There has been so much talk by so many people about a potential "Stigma" associated with countries accessing a ESM credit line.
Based on my work with @valentin_lang on the IMF, letme try to explain where that term is coming from and whether it is warranted here 1/n
The term originates from the literature about the international monetary fund (IMF), and it describes a negative signal that is supposedly conveyed when a country asks the IMF for some type of program.
You can think of this stigma and signal as being more about politics and economics. What both have in common is that for there to be a stigma going to the IMF must reveal negative information that was not public before.
With regard to politics, it can be seen as a negative signal about the competence of the politicians in power, endangering their reelection prospects. With regard to financial markets, the fear is that the price countries pay on international financial markets increases
The two best ways to measure access and cost of international financial market access are sovereign bond spreads and Sovereign credit ratings. Data coverage is better for credit ratings.
Now there are two questions. Is a really a stigma defined as revealing additional negative information to investors or voters. And is there a perception that a stigma exists?
As usual, correlation and causation are hard to disentangle. What we see in our work is that countries turn to the IMF when their creditworthiness is deteriorating dramatically already. This is over several years.
Simply controlling for available economic indicators at the yearly level is not sufficient to get rid of this dramatic selection bias. Even within years, you can see that conditions further deteriorate and IMF programs start at the lowest point.
Hence, many or most studies find strongly negative effects in all dimensions related to IMF programs. Similarly, politicians and citizens who simply observe that coincidence attribute it to the IMF.
Besides showing this, the main contribution of our paper is to show that when using plausibly exogenous variation in the likelihood to receive an IMF program, this relationship actually reverses. This holds true for ratings by all major agencies as well as investor assessments.
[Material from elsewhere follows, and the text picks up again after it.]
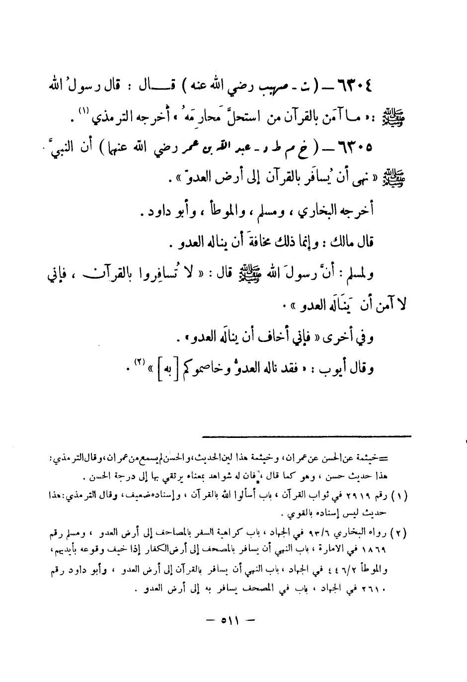 (¬1) رواه البخاري 6 / 93 في الجهاد، باب كراهية السفر بالمصاحف إلى أرض العدو، ومسلم رقم (1869) في الإمارة، باب النهي أن يسافر بالمصحف إلى أرض الكفار إذا خيف وقوعه بأيديهم، والموطأ 2 / 446 في الجهاد، باب النهي أن يسافر بالقرآن إلى أرض العدو، وأبو داود رقم (2610) في الجهاد، باب في المصحف يسافر به إلى أرض العدو.

This positive effect is also visible within years. A few months after a program begins, creditors begins to improve again. All those results look similar when using bond spreads data.
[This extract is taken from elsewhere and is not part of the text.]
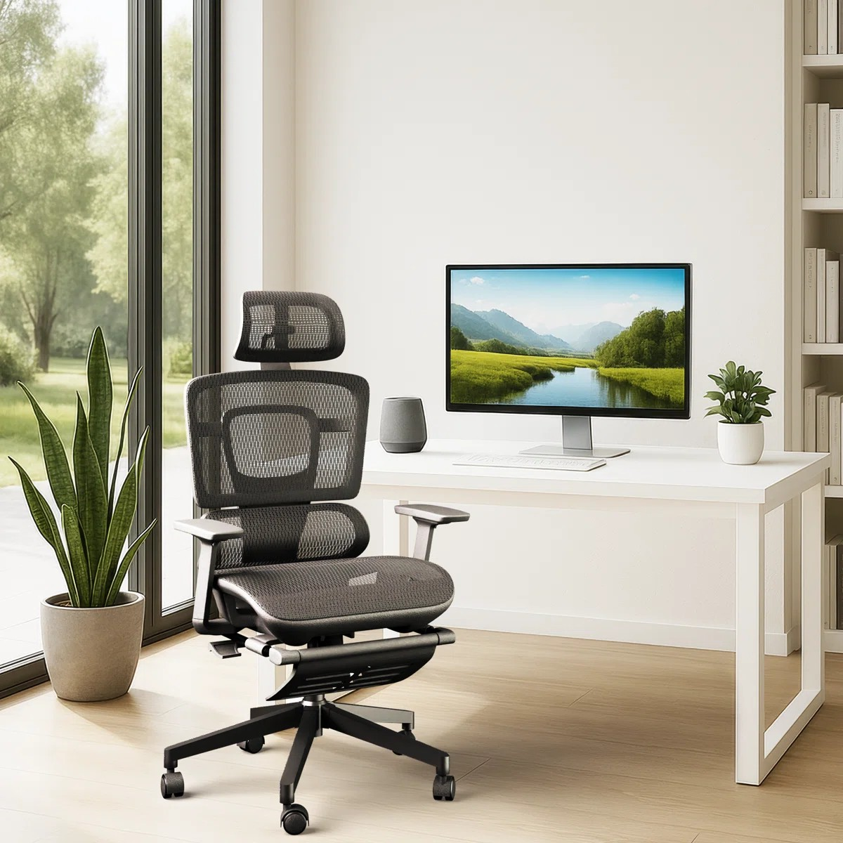This orthopedic high-back chair with footrest is perfect for office professionals, home workers, and gamers, offering long-hour comfort and support while maintaining a sleek, professional appearance.

Hence, at least from an economic perspective it is not plausible that asking for a program generally conveys a negative signal to financial markets. Instead, based on a text analysis, it seems that market participants welcome conditions that include structural reforms.
All from my joint paper with @valentin_lang ,

Stigma or Cushion? IMF Programs and Sovereign Creditworthiness (Kai Gehring and Valentin Lang),
CESifo Working Paper No. 7339, Revise and Resubmit at the Journal of Development Economics (2018)

https://papers.ssrn.com/sol3/papers.cfm?abstract_id=3169341
This does not rule out that politicians perceive such programs to carry a stigma. Nonetheless, from a scientific perspective this does not seem warranted and we should try to communicate that it is confusing correlation with causation.
The IMF has many flaws, and for sure could be improved by reforms in many areas. But it is useful to have such organizations to act at an international level in times of crisis. And many countries outside the EU luckily can &do turn to IMF now ignoring stigma
Now ESM is not IMF, but the whole idea to create it was to have a European version of it. So if there is no financial market stigma for the IMF, and other countries are willing to use it, it seems weird to rule out using the ESM.
The IMF has many different types of programs and facilities, some with structural conditions and some purely growth oriented. Some more concessional than others. There is nothing in the statutes of the ESM that would stop it from doing the same.
I cannot see how emphasizing that stigma so often serves any other purpose than pushing for another solution that is personally preferred. As usual, all alternatives have their advantages and disadvantages. It is our role as scientists to explain both objectively.
To finish on that, delegating such tasks to international organizations has problems like potential democratic deficits. But so do bonds issued with joint liability without joint control, and political backlash in Northern countries. My tip is we end up with a hybrid solution.